In recent days, heated policy discussions in Washington have largely focused on two topics: a possible escalation of the war in Afghanistan and health care legislation. Both a troop escalation and health care legislation carry significant price tags: roughly $100 billion and $80-$100 billion a year respectively. (It should be noted that health care reform, unlike a troop surge, would cut the deficit.)
In his New York Times column today [ed: Thursday], columnist Nicholas Kristof asks why hawks claim health reform is “fiscally irresponsible” while enthusiastically supporting a troop surge in Afghanistan, given the fact that fixing our broken health care system is, unlike a troop surge, essential to the health and well-being of Americans:
The health care legislation pays for itself, according to the Congressional Budget Office, while the deployment in Afghanistan is unfinanced and will raise our budget deficits and undermine our long-term economic security.
So doesn’t it seem odd to hear hawks say that health reform is fiscally irresponsible, while in the next breath they cheer a larger deployment of troops in Afghanistan?
Meanwhile, lack of health insurance kills about 45,000 Americans a year, according to a Harvard study released in September.

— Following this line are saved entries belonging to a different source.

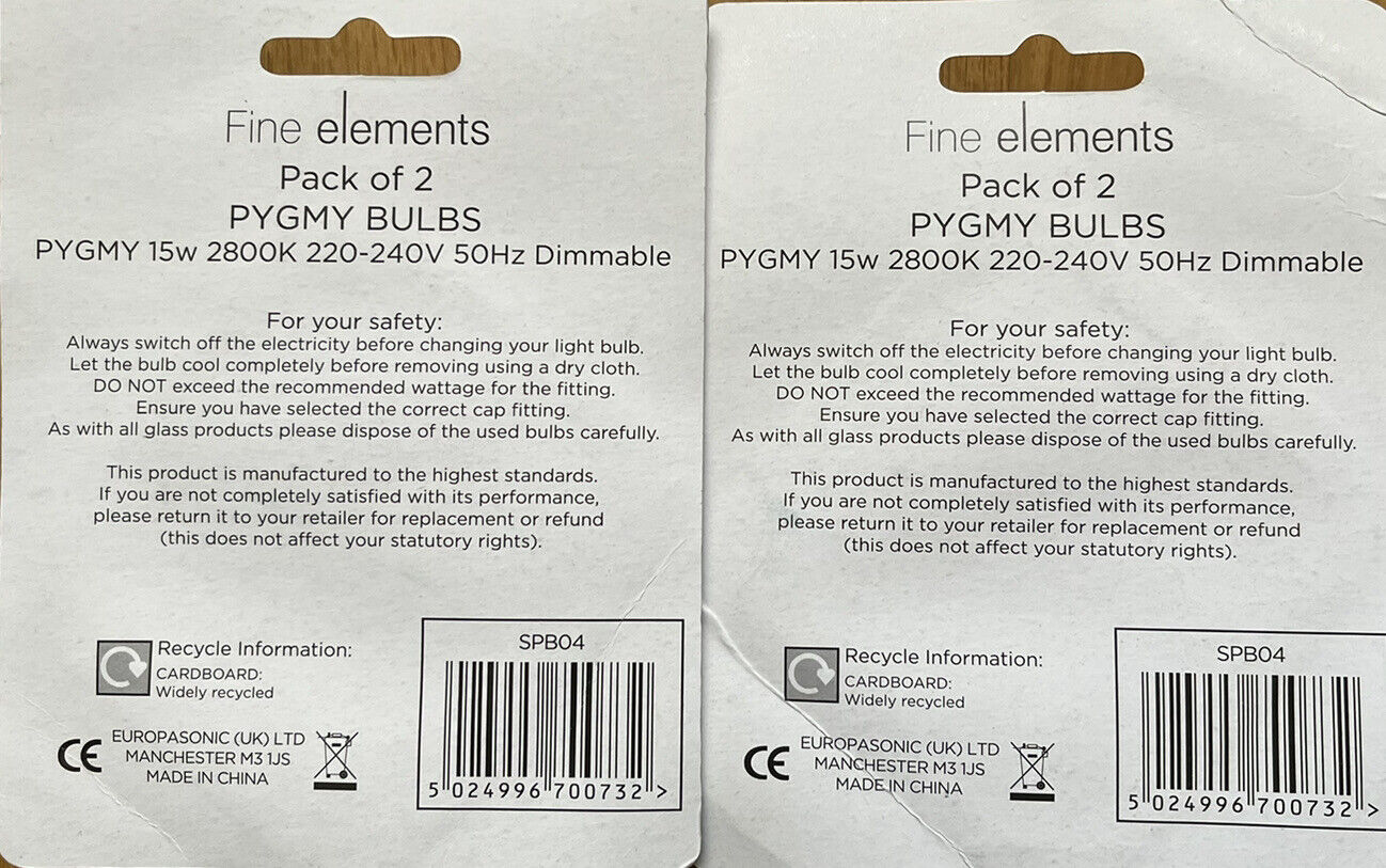Fine Elements Pygmy 15W SBC B15 Fridge Lamp Small Bayonet Bulb 2 Packs = 4 Bulbs
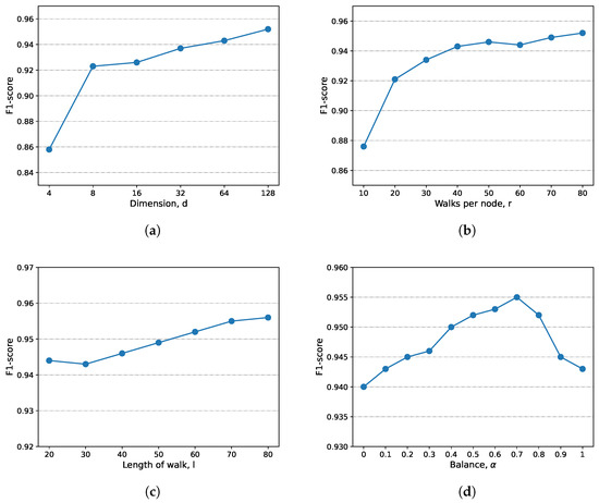 Effect of each parameter of GTN2vec on classification results (author’s own processing). (a) Dimension, d. (b) Walks per node, r. (c) Length of walk, l. (d) Balance, .
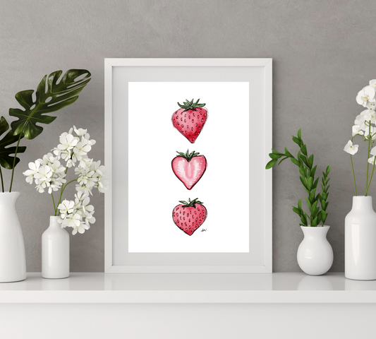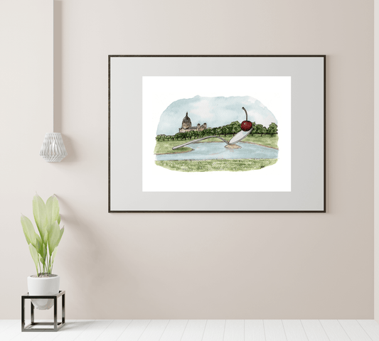 Cherry and Spoon Sculpture - Pen and Watercolor Art - Archival Quality Art Print
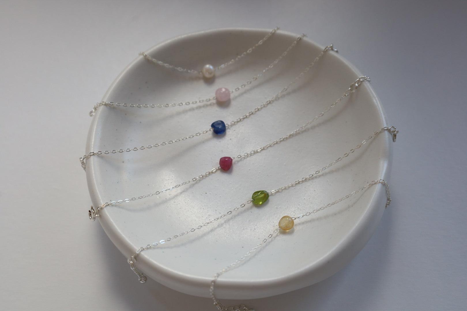 Delicate, lightweight and designed for everyday wear — each bracelet features a single ethically sourced gemstone on a fine chain, making it perfect for stacking or wearing alone.
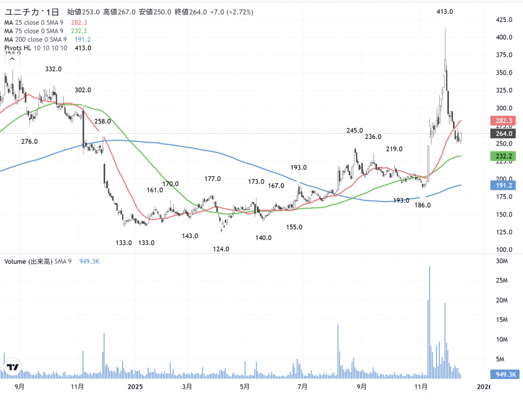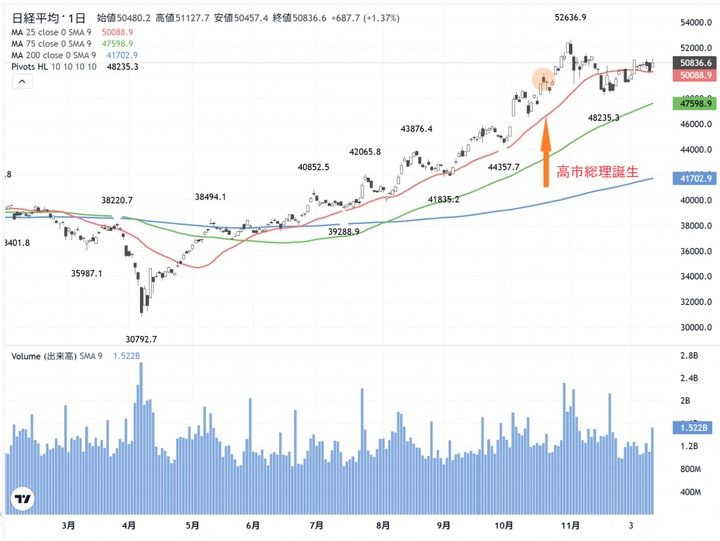 高市総理は10月21日に誕生しました。彼女の任期中に、どれだけ株価が上がるのか? 楽しみですね。あと一週間ほどで、目先の乖離調整は「ひと段落」を迎えるのでしょう。この理由は75日線が毎日100円ほど上がっており、52636円の高値を付けた後の安値は48235円です。この水準に75日線が引き上がるまで時間軸は、目先の軽い…調整波動なのでしょう。安倍政権は、名目経済への「基礎」(土台)を創ったように思っています。その土台を利用して、ようやく…次なる時代への「ステップ・アップ」です。外部環境は準備万端です。
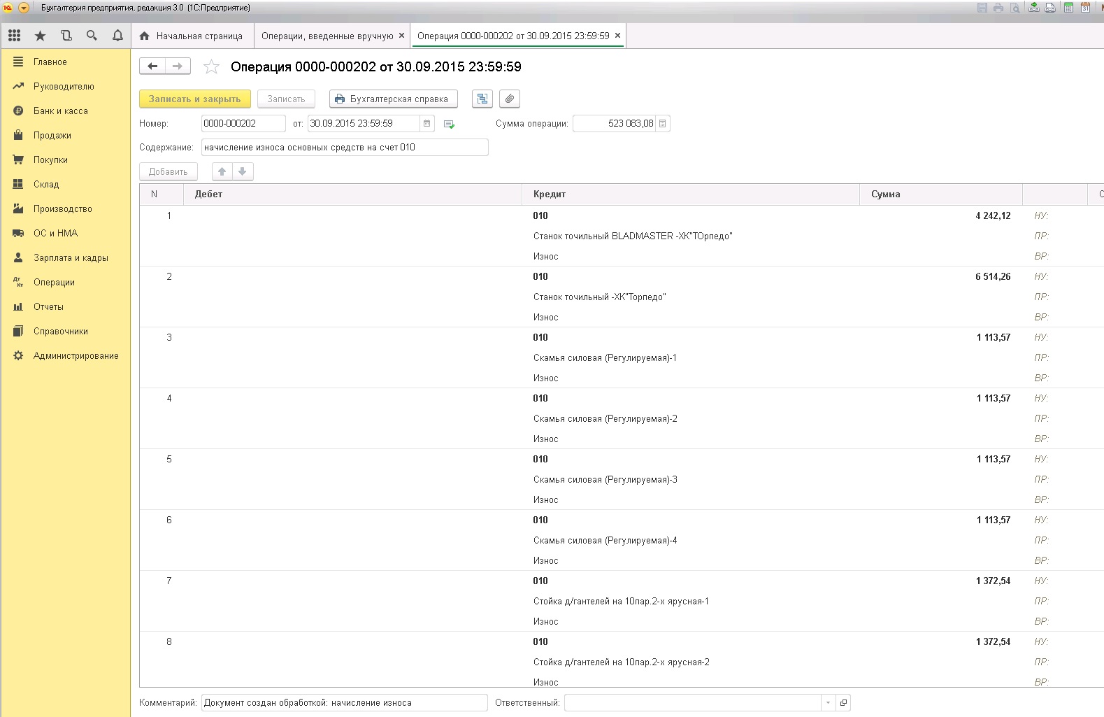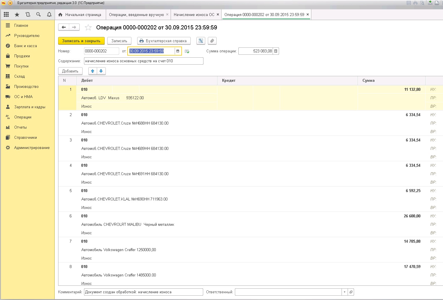 Бухгалтерия предприятия, редакция 3.0 (3.0.52.42). Существует операция введенная вручную, созданная обработкой. В данной операции заполняется амортизация по основным средствам на 010 счет на кредит. Нужно перенести все с кредита на дебет. Принт-скрины того чего есть и то что хотелось бы увидеть прилагаю.

So which is the greater danger to our homeland security, the Taliban or our dysfunctional insurance system?
Indeed, hawkish legislators have lined up to both demand a costly surge in U.S. troops in Afghanistan while at the same time claiming that deficit-cutting health care legislation would simply be too expensive:
– Sen. Joe Lieberman (I-CT) has called for providing the “resources [needed]” for a “significant increase in U.S. forces” while warning that he is “really worried about what [health care reform] would do to the deficit.” [9/13/09, 10/26/09]

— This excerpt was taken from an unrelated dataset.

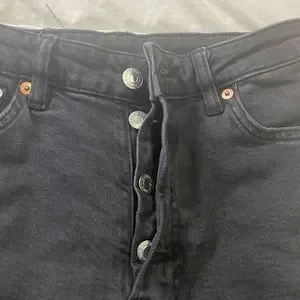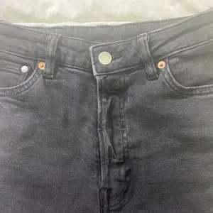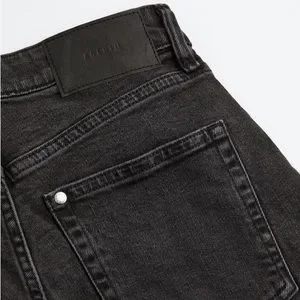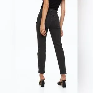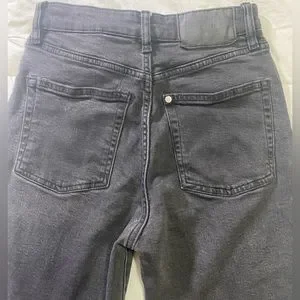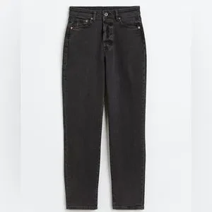 5-pocket, ankle-length jeans in washed stretch cotton denim. Extra-high waist and straight legs. Slightly looser fit. Cotton content is partly recycled.
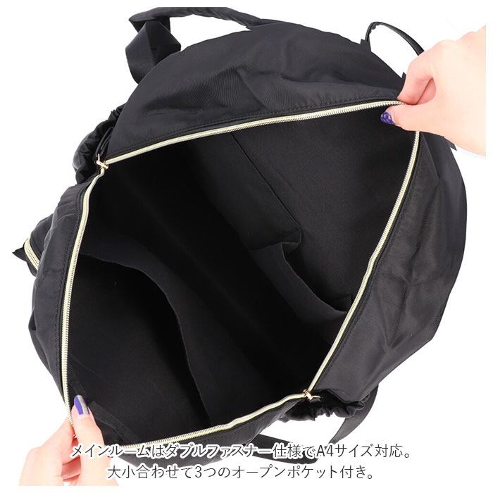 ・メインルームはダブルファスナー仕様でA4サイズ対応。大小合わせて3つのオープンポケット付き。

– Sen. Mitch McConnell (R-KY) has complained that passing health care legislation would “expand government spending even more,” while also boasting of his Republican caucus’s “broad support” for any troop increase in Afghanistan. [10/21/09, 10/11/09]
– Sen. John McCain (R-AZ) wrote a letter to President Obama stating that we “urgently need more resources” in Afghanistan, “including more combat troops,” while at the same time claiming that passing health care legislation would be tantamount to “generational theft” that would run up “unconscionable and unsustainable deficits.” [11/10/09, 8/27/09]
Kristof’s question bears answering. Why is it that hawkish lawmakers are so willing to spend such enormous resources in both lives and treasure on a troop surge in Afghanistan that is increasingly opposed by Americans and Afghans, but are so quick to bark at the price tag of health care legislation that could save the lives of the 45,000 Americans who die every year because they don’t have access to health care? As Glenn Greenwald notes, “Urging that more Americans be sent into endless war paid for with endless debt, while yawning and lazily waving away with boredom the hordes outside dying for lack of health care coverage, is one of the most repugnant images one can imagine.”